Security: Pod Identity enforces least privilege IAM to pods. Only pods using a specially annotated service account receive the IAM role’s credentials. Other pods on the same node cannot access those creds, thanks to the agent’s isolation. This provides strict credential isolation: “a Pod’s containers can only retrieve credentials for the IAM role that’s associated with [its] service account”. Administrators bind IAM roles to service accounts via EKS APIs; since each role has a narrow trust policy (only allowing eks.amazonaws.com
as principal), there’s no risk of pods obtaining overly broad credentials.

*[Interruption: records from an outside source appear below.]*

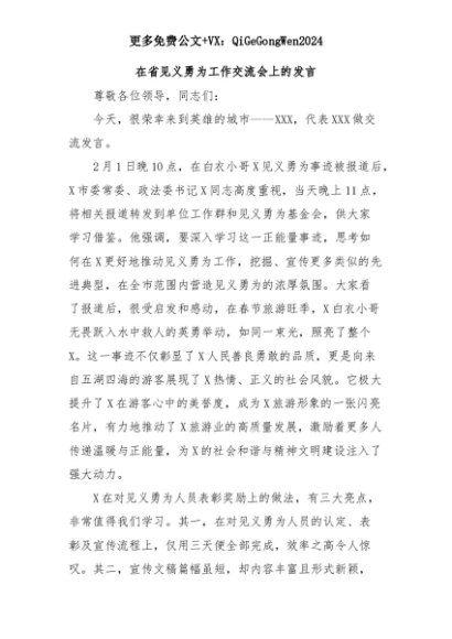 【七哥公文】2025年:在省见义勇为工作交流会上的发言+更多免费公文+VX:QiGeGongWen2024+更多免费公文+VX:QiGeGongWen2024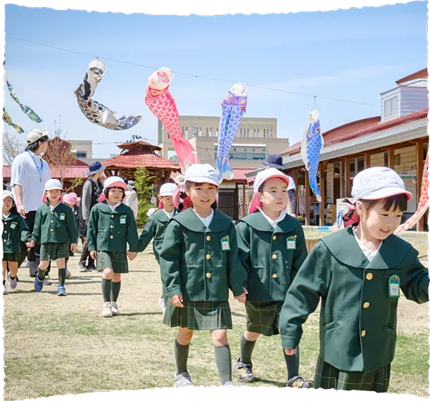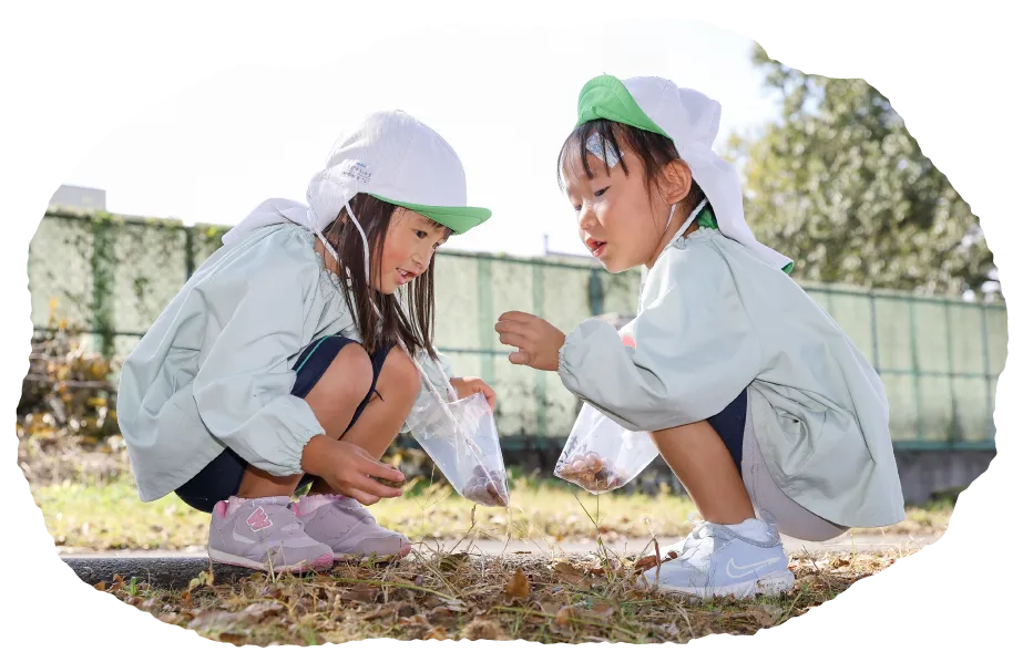 一人ひとり異なる個性を持つ子どもたちが、遊びや学びを通して驚きや発見を重ね、豊かな感性を広げてほしいという願いが込められています。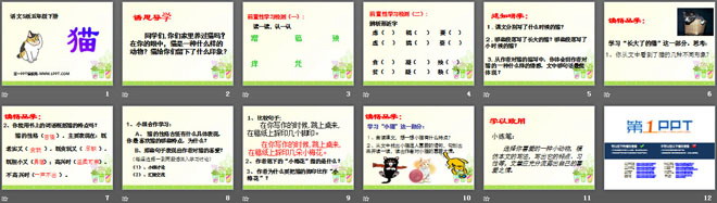 关键词:猫教学课件,语文S版五年级下册语文课件,五年级语文幻灯片课件下载,猫PPT课件下载,.ppt格式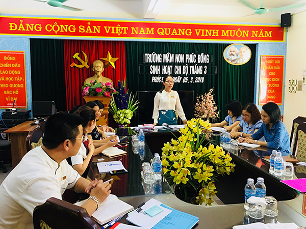 Thực hiện sự chỉ đạo của Đảng bộ phường Phúc Đồng và quy chế sinh hoạt chi bộ định kỳ hàng tháng của trường MN Phúc Đồng, vào hồi 13h30’, thứ ba, ngày 05 tháng 3 năm 2019, 12/12 đồng chí đảng viên đã có mặt đầy đủ dự buổi sinh hoạt chi bộ và sinh hoạt chuyên đề tháng 3 dưới sự chủ trì của đồng chí Đỗ Thị Thanh Tâm - Bí thư chi bộ nhà trường .

CloudTrail auditing can track Pod Identity usage for compliance. (Note: in EKS Auto Mode, Pod Identity is built-in and need not be installed manually.)

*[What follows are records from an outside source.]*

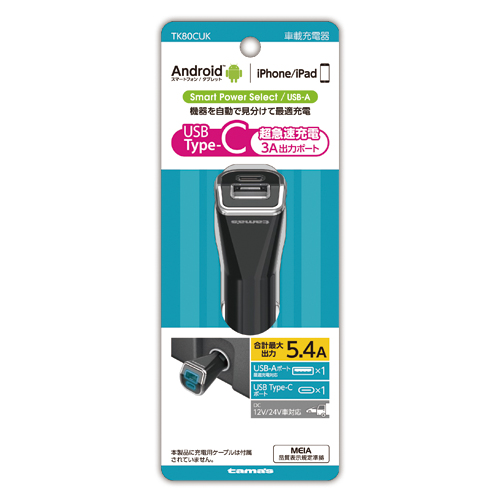 充電器 TK80CUK カーチャージャー5.4ACAポート 最大5V/3Aの超急速充電対応USB Type-Cポートを搭載。 iPadの充電やスマートフォンの急速充電が可能な高出力最大2.4AのUSB-Aポートを搭載。 ポートがブルーに光って暗い車内でも使いやすい。 トラックなどでも使用できる、DC12V/24V対応。 Smart Power Selectで最適充電。接続した機器をICが自動で見分けて最適な電流で充電を行います。 法人様向け製品問い合わせフォーム SKU・ TK80CUK カテゴリー: ALL, カタログ(旧), カーチャージャー, カーチャージャー, カー用品, 製品カタログ tama's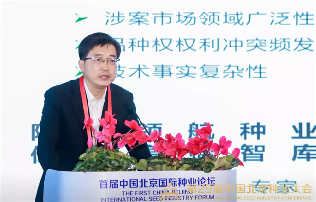 10月19日,首屆中國(guó)北京國(guó)際種業(yè)論壇在北京園博園舉行。北京市委農(nóng)工委書記、市農(nóng)業(yè)農(nóng)村局局長(zhǎng)付兆庚,海淀區(qū)人民政府副區(qū)長(zhǎng)林航,北京知識(shí)產(chǎn)權(quán)法院黨組成員、副院長(zhǎng),二級(jí)高級(jí)法官杜長(zhǎng)輝,最高人民法院知識(shí)產(chǎn)權(quán)法庭審判長(zhǎng)、二級(jí)高級(jí)法官羅霞,中國(guó)種子協(xié)會(huì)副會(huì)長(zhǎng)馬淑萍、中國(guó)種子貿(mào)易協(xié)會(huì)理事長(zhǎng)宋維波等出席。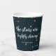 These Christmas paper cups are perfect for adding a touch of holiday cheer to your Christmas party. Against a dark blue background, shining gold stars pop and catch the eye. The stars are brightly shining, just like the joy and magic of the holiday season. And with the option to customize with your family name, it makes for a truly unique and special addition to your party decor.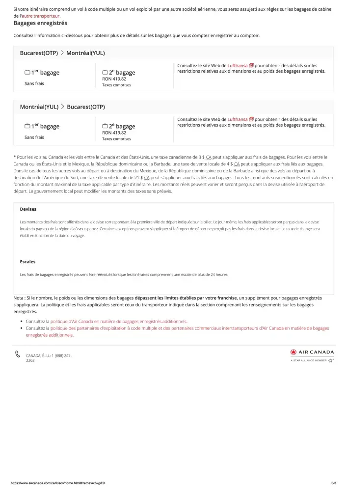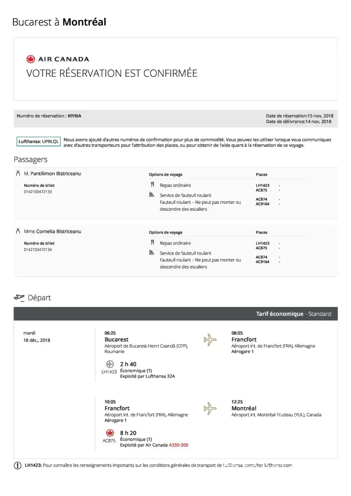 My parents were supposed to leave Bucharest on December 18, 2018 - see booking number Lufthansa UPRLQL in the reservation here up - at 06: 25h with flight LH1423, make a stop in Frankfurt from 2: 40h to fly afterwards for Montreal at 10:05 am with Air Canada flight AC875.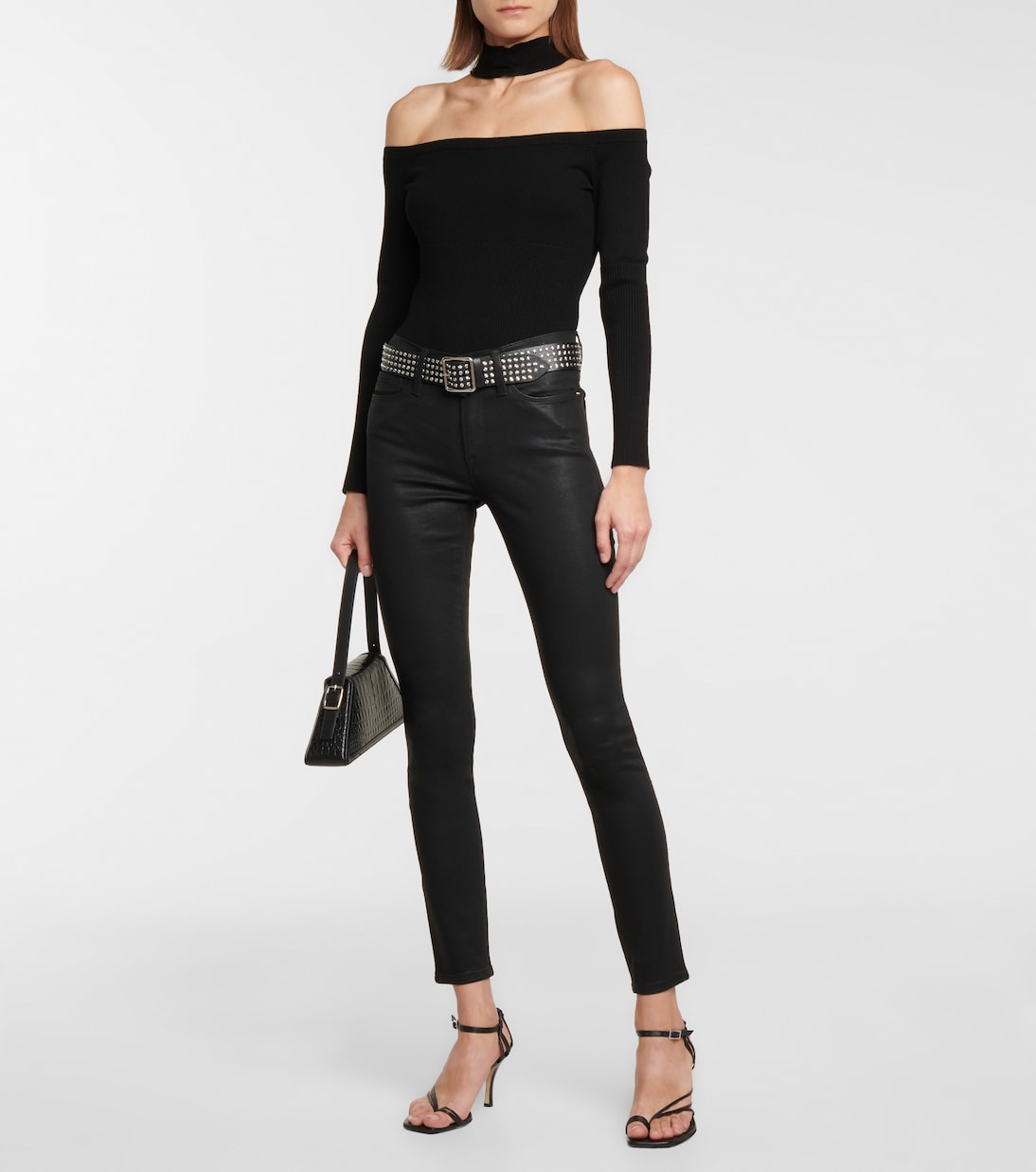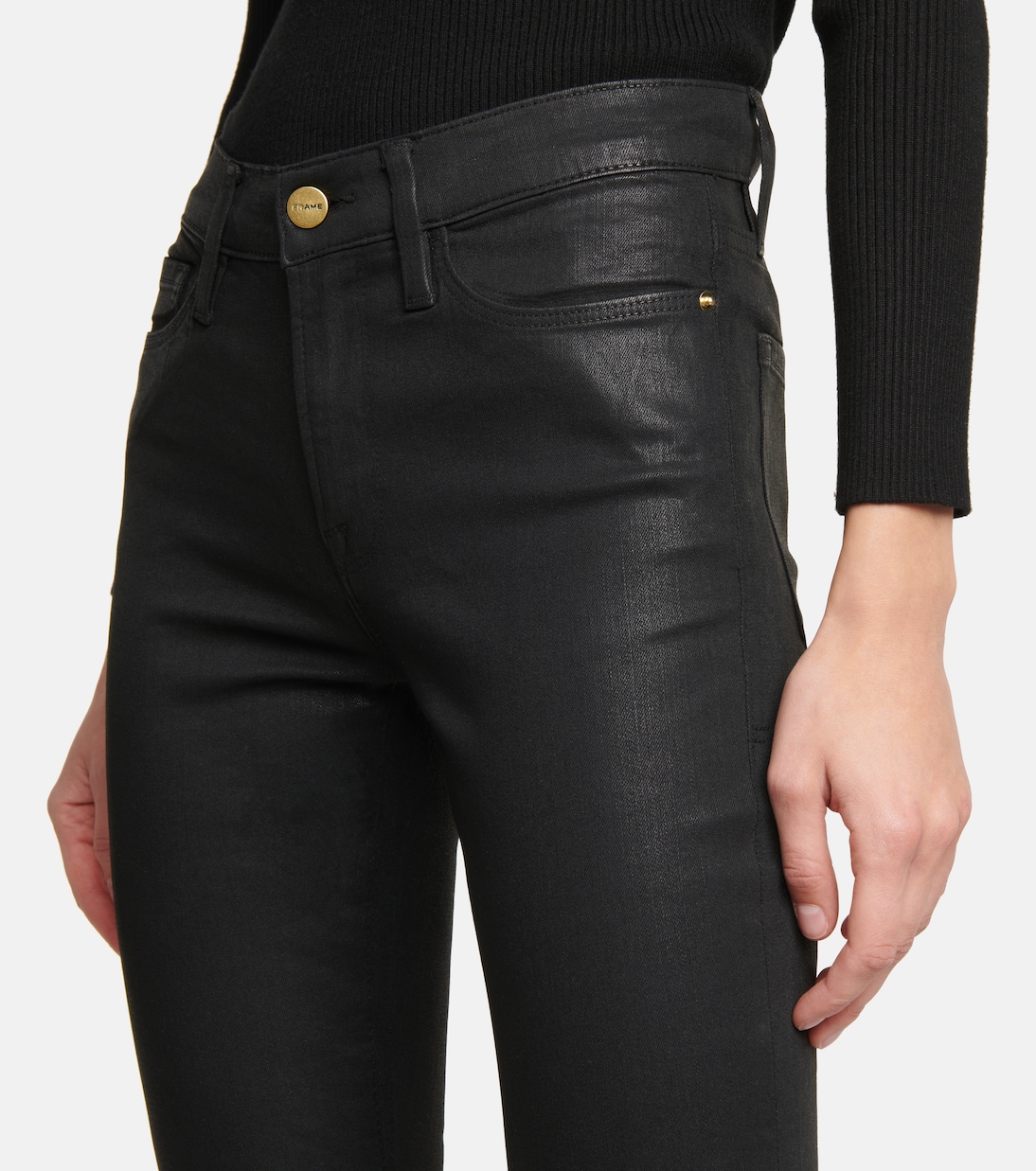 Черные джинсы Le Skinny De Jeanne от FRAME - проверенная временем базовая вещь, которую вы будете носить каждый сезон. Сделанные в США из суперэластичного хлопкового денима с покрытием, имитирующим кожу, они имеют среднюю посадку и узкие штанины. Закатайте манжеты, чтобы продемонстрировать ваши любимые варианты обуви.

Cost Optimization: Using the EKS Pod Identity Agent saves operational cost by removing the need for custom credential brokers. It also avoids leakage risks of static AWS credentials or long-lived tokens, thereby potentially saving on security incident costs. By integrating pod IAM with existing EKS IAM roles, it cuts down on setup complexity (and related human errors) compared to managing separate identity systems. The actual run-time cost is minimal (no extra AWS API charges beyond the normal AssumeRole calls, which are negligible).
Installation: Install the agent add-on (as above). Then create an identity association, for example via CLI:
aws eks create-addon --cluster-name myCluster --addon-name eks-pod-identity-agent --version latest
After that, in AWS console or CLI you define an association mapping (eks:AssociateIdentityProviderConfig
, etc.) that links a Kubernetes service account (namespace + name) to an IAM role ARN. Pods using that service account will then automatically use the role’s credentials.
Whether you’re scaling AI workloads, improving network visibility, or cutting cloud costs, these EKS add-ons provide powerful tools to improve your Kubernetes operations on AWS.
Adopting them as part of a secure, observable and cost-efficient EKS architecture gives your DevOps and platform teams a strong foundation to innovate without complexity.